Go to the line containing "在围棋上造诣有限,但战鹰在直" in the records below and print it and every following line exactly, on through the line containing "EMBLEM BOOKS -- KRUL, J.H.", then stop.

== SOURCE DATA ==
+===+
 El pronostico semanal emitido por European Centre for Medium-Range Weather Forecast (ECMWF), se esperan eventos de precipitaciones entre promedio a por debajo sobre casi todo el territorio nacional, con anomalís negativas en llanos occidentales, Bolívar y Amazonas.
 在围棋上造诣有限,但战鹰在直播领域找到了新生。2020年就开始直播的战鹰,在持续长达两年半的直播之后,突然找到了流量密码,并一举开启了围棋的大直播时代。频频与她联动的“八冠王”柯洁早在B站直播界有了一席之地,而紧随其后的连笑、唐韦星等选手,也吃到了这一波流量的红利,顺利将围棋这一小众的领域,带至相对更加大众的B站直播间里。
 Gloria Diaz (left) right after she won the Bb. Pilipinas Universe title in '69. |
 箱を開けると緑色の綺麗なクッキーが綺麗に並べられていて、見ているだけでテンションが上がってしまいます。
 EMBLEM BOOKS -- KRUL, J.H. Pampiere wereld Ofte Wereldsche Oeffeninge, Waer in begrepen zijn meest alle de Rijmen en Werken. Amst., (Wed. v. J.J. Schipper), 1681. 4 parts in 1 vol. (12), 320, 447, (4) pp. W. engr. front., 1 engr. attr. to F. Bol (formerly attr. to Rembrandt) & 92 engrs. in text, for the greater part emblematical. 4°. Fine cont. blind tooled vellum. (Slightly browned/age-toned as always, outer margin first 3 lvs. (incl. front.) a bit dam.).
+===+
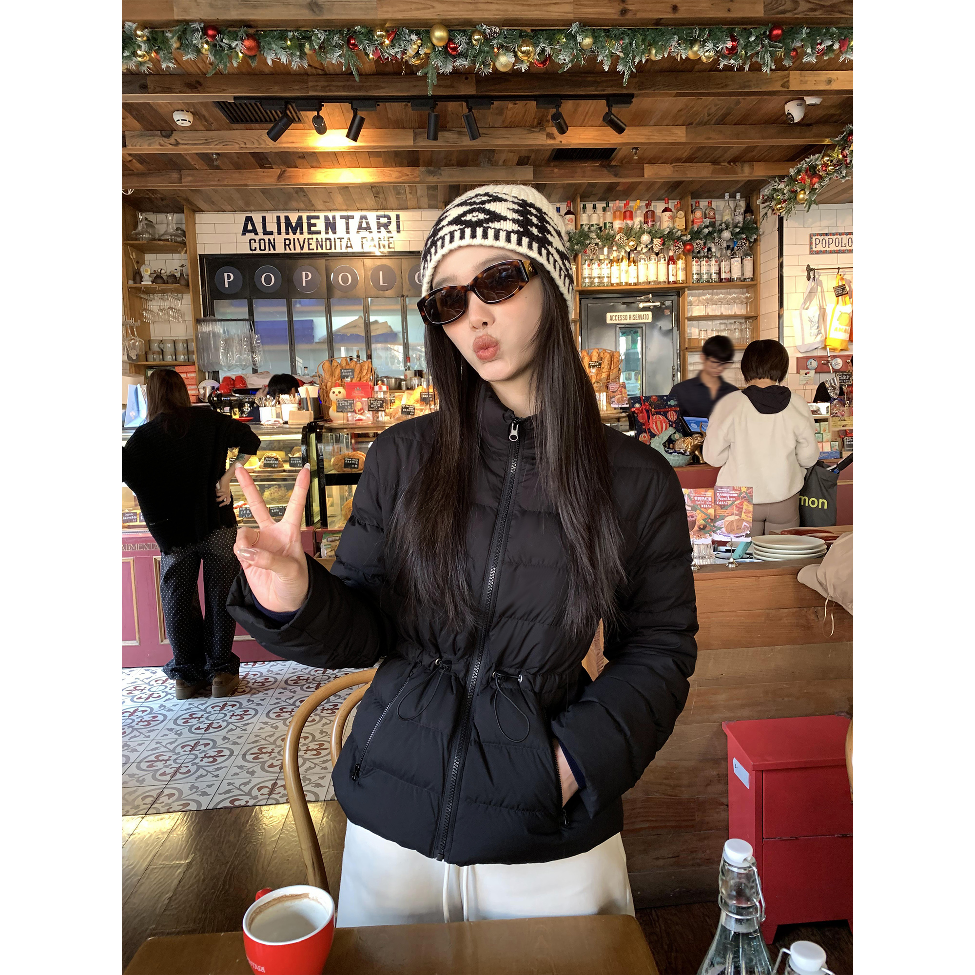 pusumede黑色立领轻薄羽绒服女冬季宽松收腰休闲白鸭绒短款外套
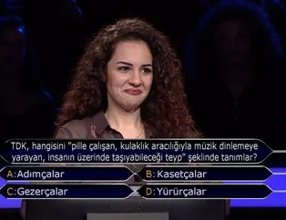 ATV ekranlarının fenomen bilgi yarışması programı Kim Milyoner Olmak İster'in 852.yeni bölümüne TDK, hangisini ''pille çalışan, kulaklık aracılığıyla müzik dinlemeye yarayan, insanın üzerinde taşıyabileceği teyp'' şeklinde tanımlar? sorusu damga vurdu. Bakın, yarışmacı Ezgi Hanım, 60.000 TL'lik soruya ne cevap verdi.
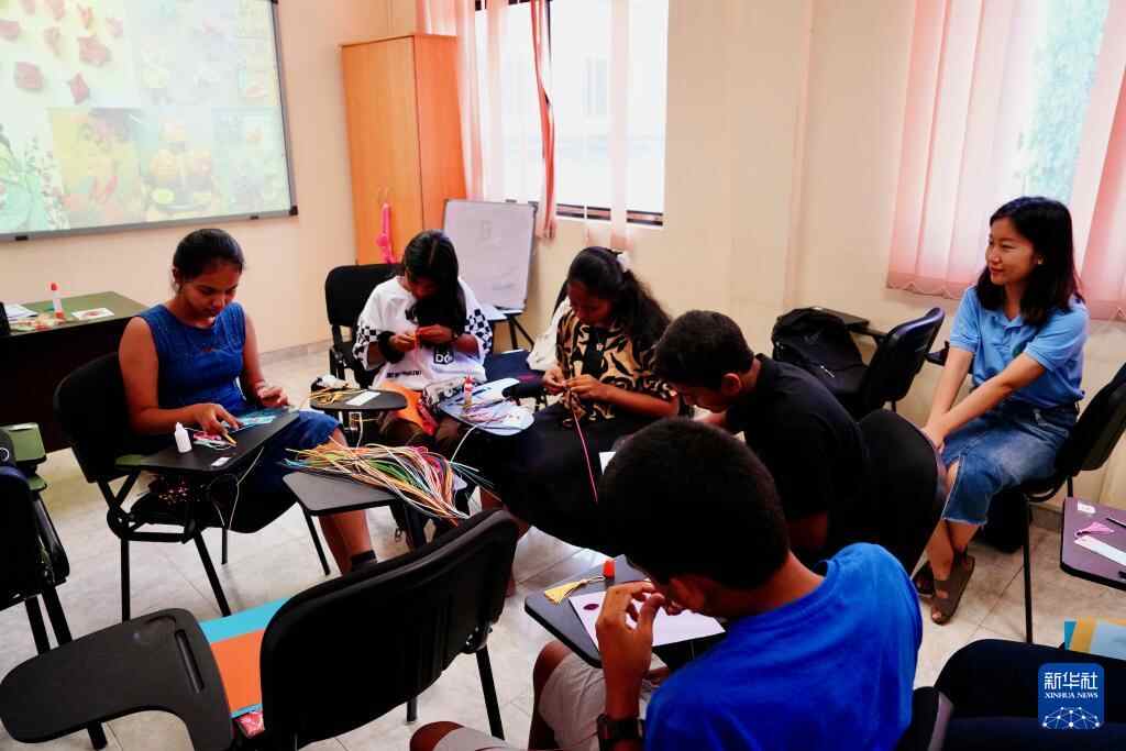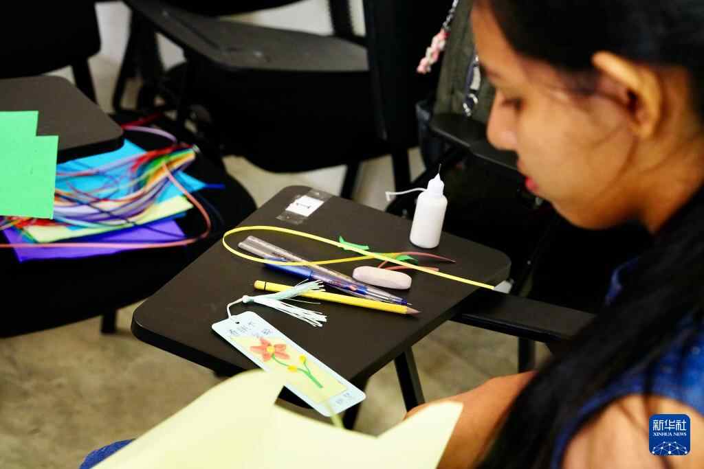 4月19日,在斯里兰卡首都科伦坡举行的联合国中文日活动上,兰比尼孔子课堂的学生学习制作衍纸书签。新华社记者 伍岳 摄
+===+
== RESPONSE ==
 在围棋上造诣有限,但战鹰在直播领域找到了新生。2020年就开始直播的战鹰,在持续长达两年半的直播之后,突然找到了流量密码,并一举开启了围棋的大直播时代。频频与她联动的“八冠王”柯洁早在B站直播界有了一席之地,而紧随其后的连笑、唐韦星等选手,也吃到了这一波流量的红利,顺利将围棋这一小众的领域,带至相对更加大众的B站直播间里。
 Gloria Diaz (left) right after she won the Bb. Pilipinas Universe title in '69. |
 箱を開けると緑色の綺麗なクッキーが綺麗に並べられていて、見ているだけでテンションが上がってしまいます。
 EMBLEM BOOKS -- KRUL, J.H. Pampiere wereld Ofte Wereldsche Oeffeninge, Waer in begrepen zijn meest alle de Rijmen en Werken. Amst., (Wed. v. J.J. Schipper), 1681. 4 parts in 1 vol. (12), 320, 447, (4) pp. W. engr. front., 1 engr. attr. to F. Bol (formerly attr. to Rembrandt) & 92 engrs. in text, for the greater part emblematical. 4°. Fine cont. blind tooled vellum. (Slightly browned/age-toned as always, outer margin first 3 lvs. (incl. front.) a bit dam.).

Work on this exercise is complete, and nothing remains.